> [Activity]: The whole listing, pictures aside, should be reproduced exactly.

** The data follows **

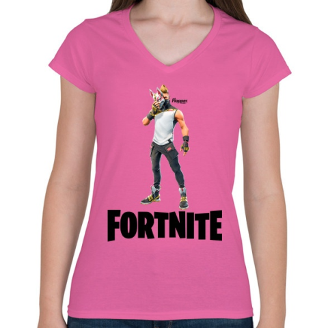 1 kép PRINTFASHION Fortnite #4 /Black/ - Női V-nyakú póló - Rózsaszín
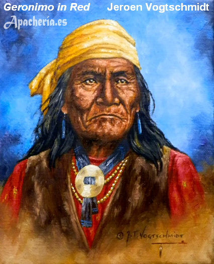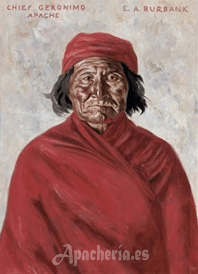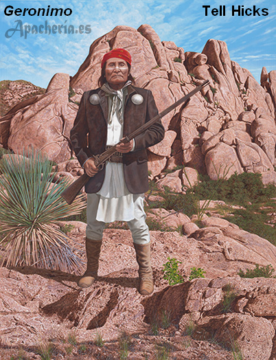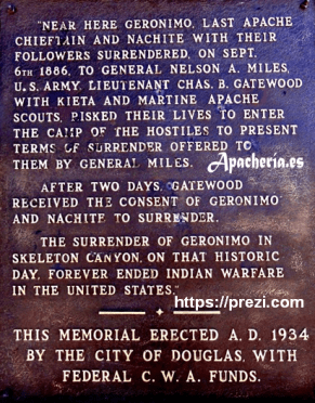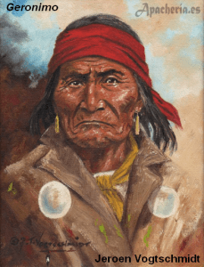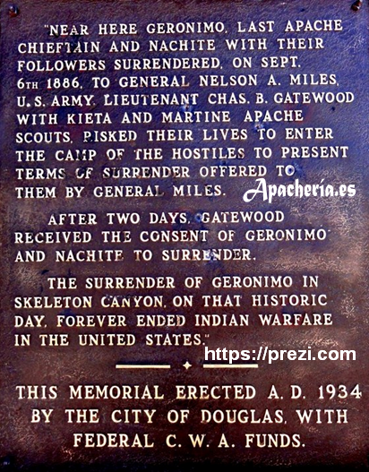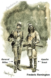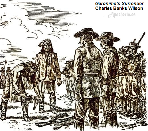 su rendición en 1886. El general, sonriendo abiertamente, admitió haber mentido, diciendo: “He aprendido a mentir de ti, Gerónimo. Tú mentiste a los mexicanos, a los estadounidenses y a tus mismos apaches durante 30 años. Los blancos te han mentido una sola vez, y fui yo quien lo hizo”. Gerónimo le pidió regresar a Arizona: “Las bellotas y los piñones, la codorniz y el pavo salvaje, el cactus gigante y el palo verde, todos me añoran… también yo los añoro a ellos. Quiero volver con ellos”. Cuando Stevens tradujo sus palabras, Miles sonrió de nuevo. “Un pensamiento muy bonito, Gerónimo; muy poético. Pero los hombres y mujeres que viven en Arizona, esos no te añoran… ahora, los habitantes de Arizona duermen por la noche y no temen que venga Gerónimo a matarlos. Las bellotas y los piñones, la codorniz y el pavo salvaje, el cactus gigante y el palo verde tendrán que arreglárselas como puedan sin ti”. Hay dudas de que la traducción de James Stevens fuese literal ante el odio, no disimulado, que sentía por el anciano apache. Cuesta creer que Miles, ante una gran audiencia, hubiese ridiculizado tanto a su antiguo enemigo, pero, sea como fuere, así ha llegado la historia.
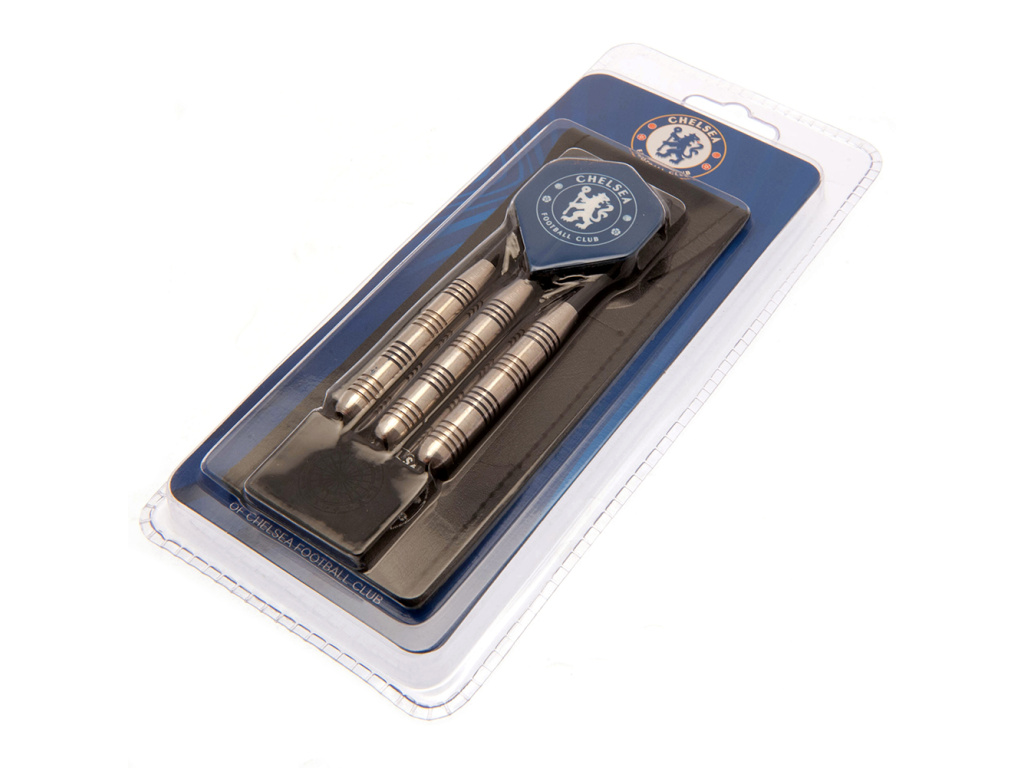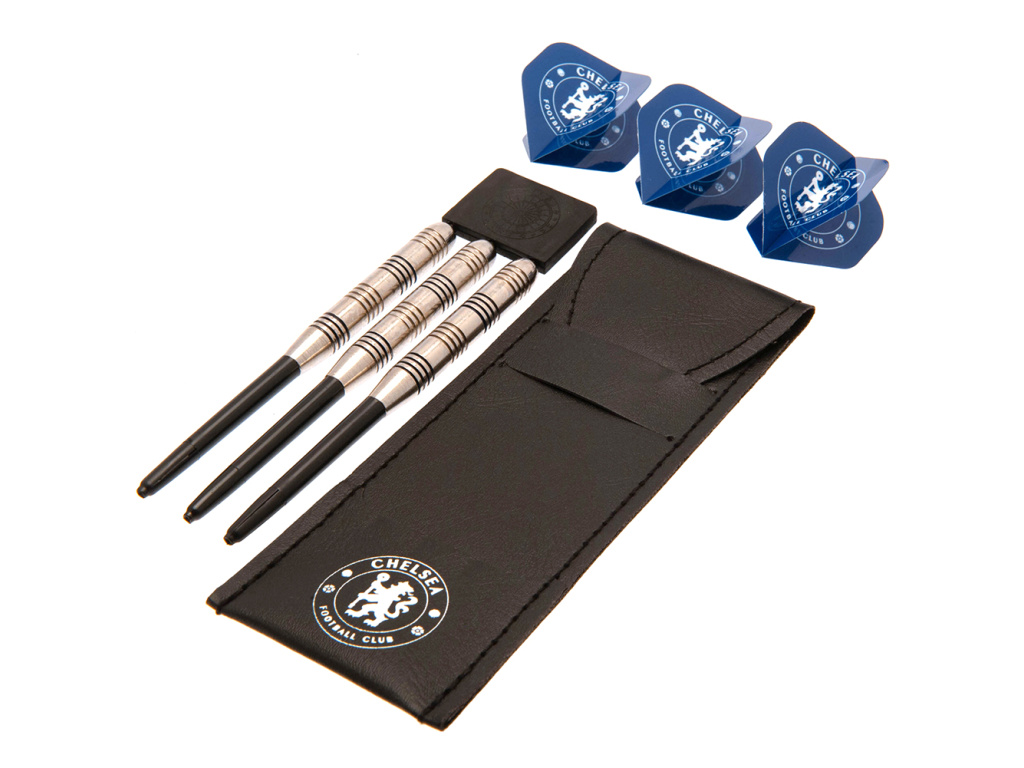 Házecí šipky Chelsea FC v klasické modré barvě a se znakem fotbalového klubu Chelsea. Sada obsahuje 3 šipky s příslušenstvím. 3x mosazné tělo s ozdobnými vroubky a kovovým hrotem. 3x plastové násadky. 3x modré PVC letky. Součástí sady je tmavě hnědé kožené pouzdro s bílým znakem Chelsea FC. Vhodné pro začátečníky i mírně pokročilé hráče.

** End of The data **

> [Exercise output]:
 1 kép PRINTFASHION Fortnite #4 /Black/ - Női V-nyakú póló - Rózsaszín
 su rendición en 1886. El general, sonriendo abiertamente, admitió haber mentido, diciendo: “He aprendido a mentir de ti, Gerónimo. Tú mentiste a los mexicanos, a los estadounidenses y a tus mismos apaches durante 30 años. Los blancos te han mentido una sola vez, y fui yo quien lo hizo”. Gerónimo le pidió regresar a Arizona: “Las bellotas y los piñones, la codorniz y el pavo salvaje, el cactus gigante y el palo verde, todos me añoran… también yo los añoro a ellos. Quiero volver con ellos”. Cuando Stevens tradujo sus palabras, Miles sonrió de nuevo. “Un pensamiento muy bonito, Gerónimo; muy poético. Pero los hombres y mujeres que viven en Arizona, esos no te añoran… ahora, los habitantes de Arizona duermen por la noche y no temen que venga Gerónimo a matarlos. Las bellotas y los piñones, la codorniz y el pavo salvaje, el cactus gigante y el palo verde tendrán que arreglárselas como puedan sin ti”. Hay dudas de que la traducción de James Stevens fuese literal ante el odio, no disimulado, que sentía por el anciano apache. Cuesta creer que Miles, ante una gran audiencia, hubiese ridiculizado tanto a su antiguo enemigo, pero, sea como fuere, así ha llegado la historia.
 Házecí šipky Chelsea FC v klasické modré barvě a se znakem fotbalového klubu Chelsea. Sada obsahuje 3 šipky s příslušenstvím. 3x mosazné tělo s ozdobnými vroubky a kovovým hrotem. 3x plastové násadky. 3x modré PVC letky. Součástí sady je tmavě hnědé kožené pouzdro s bílým znakem Chelsea FC. Vhodné pro začátečníky i mírně pokročilé hráče.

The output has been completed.